Tak hanya itu, Fabrizzio Store yang sebagian besar menjajakan produk kulit untuk pria, seperti dompet dan tas, sangat cocok dijual di Tokopedia yang menurutnya lebih mendatangkan pelanggan pria.
Memberdayakan perajin lokal lewat marketplace
Menjual produk dengan teknologi digital melalui marketplace, bagi Derit, tak hanya melulu soal mengepul pundi‐pundi keuntungan. Lebih dari itu, Derit juga bermimpi untuk senantiasa memberdayakan perajin kulit lokal.
Di Fabrizzio Store, ia telah bekerja sama dengan tujuh pengrajin kulit lokal untuk menciptakan produk‐produk unggulannya.
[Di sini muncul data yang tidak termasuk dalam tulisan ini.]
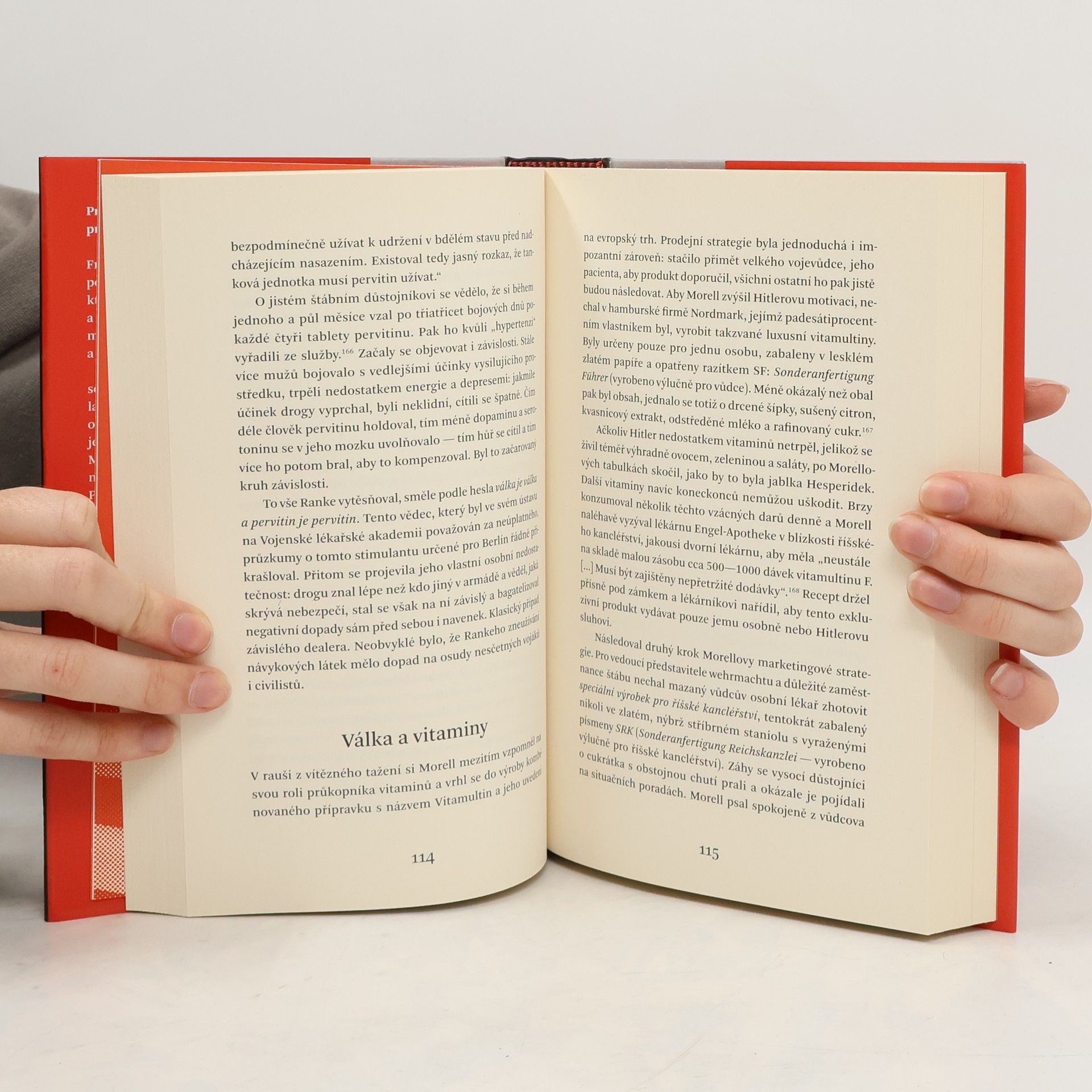 Strhující jako thriller – první komplexní studie drogové problematiky ve třetí říši. Když Němci v roce 1940 vtrhli do Francie, měli vojáci wehrmachtu k dispozici třicet pět milionů dávek pervitinu. Látka – dnes mezinárodně známá jako meth – byla tehdy k dostání v každé lékárně. Droga měla umožnit tzv. bleskovou válku a stala se běžnou součástí výbavy vojáků. Dokonce i údajný abstinent Hitler se rád uchyloval k farmaceutickým stimulantům. V době, kdy nařídil poslední ofenzivu v zimě roku 1944, nebyl čistý ani jeden den. Jeho osobní lékař Theo Morell jej zásoboval všemi druhy léků, hormonů i tvrdých drog. Pouze v tomto stavu mohl vůdce vydržet tak dlouho. Ohler prošel všechny materiály k tématu, hovořil s pamětníky, vojenskými historiky i lékaři. Na knize se podílel přední historik Hans Mommsen, který také napsal doslov.

Melalui hasil penjualan dari marketplace, Derit membagi hasil penjualannya kepada perajin lokal dan memacu mereka agar tetap produktif.
“Ke depannya saya pengennya seperti itu (memberdayakan perajin lokal, red). Saya memang biasanya memilih perajin lokal yang mungkin kemampuan ekonominya kurang, kan kasihan. Saya punya produk lokal nih, dan mereka bisa buat. Kami bagi hasil lewat penjualan online. Saya juga memilih perajin yang punya banyak karyawan untuk dipekerjakan,” cerita Derit.
Sudah banyak testimoni positif mengalir di akun Fabrizzio Store, dengan lebih dari 6.100 produk terjual dan rating toko 4,8/5, hampir mendekati sempurna. Inilah yang membuat Fabrizzio Store yakin bahwa popularitas produk kulit lokal tidak ecek-ecek dan tak payah bersaing dengan produk lokal.
Tentu, kemujuran ini bukan hanya milik Fabrizzio Store. Di masa pandemi ini, apa pun UMKM yang bertekad untuk berinovasi dan mencoba hal baru, pasti menemui jalannya.
Meneladani semangat Fabrizzio Store yang menggeliatkan pemanfaatan teknologi digital, mulai dari media sosial hingga marketplace, bukan tak mungkin UMKM kamu juga bisa naik level, bahkan juga turut mensejahterakan pelaku UMKM lainnya. Tentu ini mimpi setiap pelaku usaha, bukan?